For formerly homeless individuals, the normal paradigm of the American house needed to be reconsidered through the contextual lens of their experiences. In an effort to create new home designs uniquely suited to this population, Community First! turned to AIA Austin’s DesignVoice Committee, who organized a design competition called Tiny Victories in 2014. Fifty-four microhome designs from designers and architects across the country were submitted to the competition.
Shelby Blessing, AIA, an architect at Page, shared her experience of helping to design a microhome for the competition.
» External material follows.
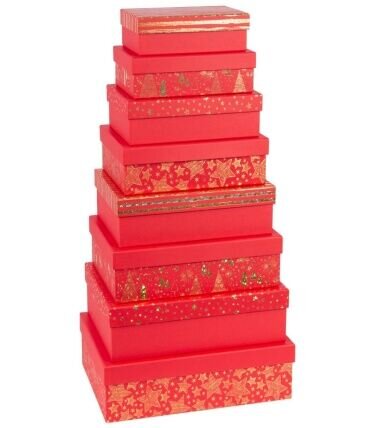 Sada dárkových krabic.Rozměry: 14,5 x 10 x 5 cm; 17 x 12 x 5,5 cm; 9 x 13,5 x 6 cm; 22 x 16 x 6,5 cm; 24,5 x 17,5 x 7 cm; 27,5 x 19,5 x 7,5 cm; 29 x 21 x 8 cm; 33 x 23.5 x 9 cm; 35 x 25 x 10 cm; 37 x 27 x 13 cm przeczytaj całość

Page’s design was among those selected to be built at the village. “We were given a set of guidelines and considerations and were able to visit the Community First Village site, but we didn’t have the opportunity to meet or talk with any potential residents — they weren’t there yet.”
Blessing said that the lack of direct feedback and participation from the future residents was a significant limitation in the design process. “We did our best to put ourselves in their shoes and imagine what they might want and need, but the fact of the matter is that nobody on our design team had ever experienced homelessness. We knew that our best assumptions were still just assumptions.”
The Page team did their best to reconcile with the gaps in their knowledge. “Without direct client engagement during the Tiny Victories design competition, we ran the risk of missing something important,” said Blessing. “After exploring a huge variety of design concepts, our team united around the idea of designing a house that could change and grow to include whatever we were missing. We didn’t want to assume that the needs of all people experiencing homelessness would be the same, so we designed a framework that made room for choice, variety, and adaptation over time.” She also expressed regret over the fact that the team did not consult with any individuals experiencing homelessness during the design process. “In retrospect, I really wish we had.”
Nonetheless, as has been illustrated by the thriving community that has developed, the Tiny Victories competition proved to be a success. In 2018, with 135 microhomes and 100 RVs, the development neared capacity as Community First! Village staff made plans for Phase 2 of the Village. Meanwhile, DesignVoice began a robust qualitative post-occupancy study of the Phase 1 microhomes and community spaces, seeking to include and learn from those voices that were missing during the initial design process. DesignVoice volunteers (including Blessing, who became an active AIA volunteer as a direct result of her participation in the Tiny Victories competition) conducted more than 30 hours of resident interviews and staff focus groups, resulting in valuable insights about Community First! Village’s success, as well as recommendations for continued improvement.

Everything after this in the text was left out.